In some embodiments, the crossbar circuit comprises one or more multiplexers (e.g., 2:1, 4:1, 8:1, etc. multiplexers) which are arranged such that signals on the interconnects extending in the x-direction are routed before signals on the interconnects extending in the y-direction. Such routing is referred to as x-first and y-second routing. One technical effect of such routing is to avoid deadlocks in data propagation. In some embodiments, the crossbar circuit comprises one or more multiplexers which are fully connected. A fully connected crossbar may have connections from all inputs to all outputs. Router 101 is not fully connected because, for example, in the x-first and y-second routing there are no connections from a North/South port to an East/West port.
In some embodiments, the dotted box indicating voltage and/or clock domain around each router is a die boundary (which is a periphery of a die). In some embodiments, the die includes a processing element 103 (e.g., one or more processing cores), crossbar switch (or router) 101, within die interconnects or communication fabric 102 (also referred to as link), and standardized interfaces 104. In some embodiments, the dies within NoC 100 are separated by short distances from one another. For example, the distance between the dies is less than 100s of microns apart.
In some embodiment, standardized edge interfaces 104 are positioned along the periphery of the die to allow the die to communicate with other dies over a short distance using on-package (or package-level) interconnects such as high-density interposers and Embedded Interconnect Bridge (EMIB) by Intel Corporation of Santa Clara, Calif. In other embodiments, other type of package-level interconnects may be used that provide high connection bandwidth density (e.g., greater than 1 Giga-Bytes per second per millimeter).
In some embodiments, standardized edge interfaces 104 are implemented as inverters and/or buffers. In some embodiments, standardized edge interfaces 104 are simple circuits that do not require high-speed signaling interfaces or protocols because the communication distances are 100s of micros apart. As such, standardized edge interfaces 104 result in low power consumption, in accordance with some embodiments.
FIG. 2 illustrates apparatus configurations 200 with building blocks of NoCs coupled together via the standardized communication interface, in accordance with some embodiments of the disclosure. It is pointed out that those elements of FIG. 2 having the same reference numbers (or names) as the elements of any other figure can operate or function in any manner similar to that described, but are not limited to such.
In some embodiments, the building blocks for making various NoC configurations include dies (e.g., first die, second die, third die, and fourth die) and package-level interconnects coupling the dies. In some embodiments, each of these building blocks integrate the standardized edge interfaces 104 for network-on-package (NoP) connectivity.

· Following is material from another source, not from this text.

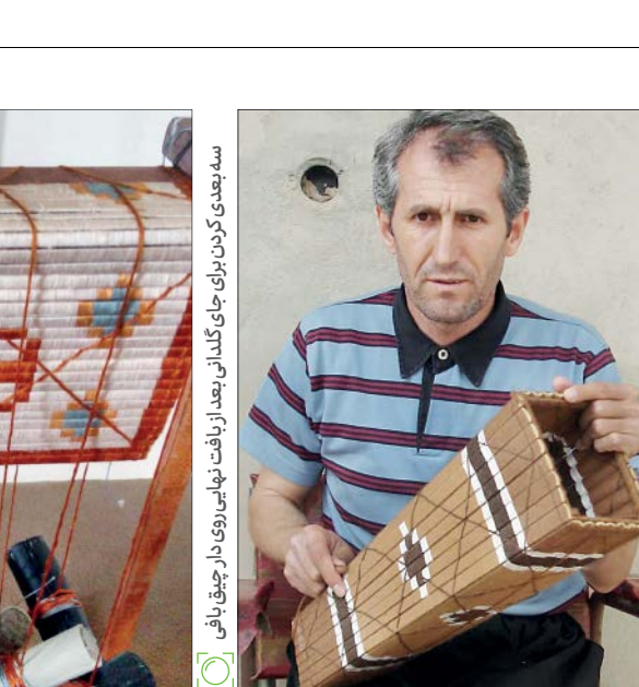
سده بعدی کردن برای چاق بافت نهایی روی دار چیق بافی

بارش‌های امسال درحالی باعث تخریب بخش‌هایی از میراث فرهنگی کشورمان شده و خسارت‌هایی بر جای گذاشته، که هنوز بسیاری از بناهای تاریخی که در سیل بهار ۹۸ تخریب شده و آسیب دیده بود، مرمت و بازسازی نشده است. حالا معاون میراث فرهنگی کشور با اشاره به آن که مرمت بناهای تاریخی آسیب دیده بر اثر بارندگی

For example, the first die includes processor core(s) 201 (e.g., computer cores), crossbar switch(es) 101, on-die communication fabric, and standardized edge interface(s) 104. In some embodiments, the on-die communication fabric is a network of interconnects coupling the processor core(s) 201, crossbar switch(es) 101, and standardized edge interface(s) 104.

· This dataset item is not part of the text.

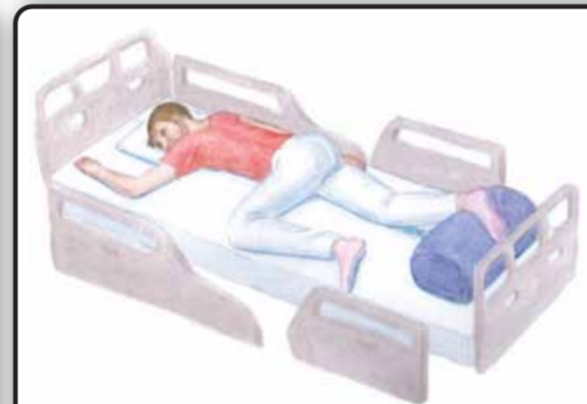
6-3. Положение пациента лежа на животе с гомолатеральным сгибанием конечностей

In some embodiments, the second die is a memory IO chip 204 which includes link-level clock domain synchronization circuit(s) 208 (also referred to as clock synchronization circuits), on-die communication fabric, standardized edge interface(s) 104, and memory IO interface 206. In some embodiments, the on-die communication fabric is a network of interconnects coupling logic and circuits of memory IO chip with link-level clock domain synchronization circuit(s) 208, and standardized edge interface(s) 104. In some embodiments, clock synchronization circuit(s) 208 enable clock domain transitions across memory IO interface 206 and the standardized edge interface(s) 104.
In some embodiments, Memory IO 206 has IO drivers and receivers that comply with any known or proprietary IO standard. For example, Memory IO 206 is capable to communicate with a memory via Memory fabric 210 using Double Data Rate (DDR) fourth generation as defined by the Joint Electron Device Engineering Council (JEDEC) Solid State Technology Association, Low Power DDR (LPDDR), and/or other memory communication fabrics etc.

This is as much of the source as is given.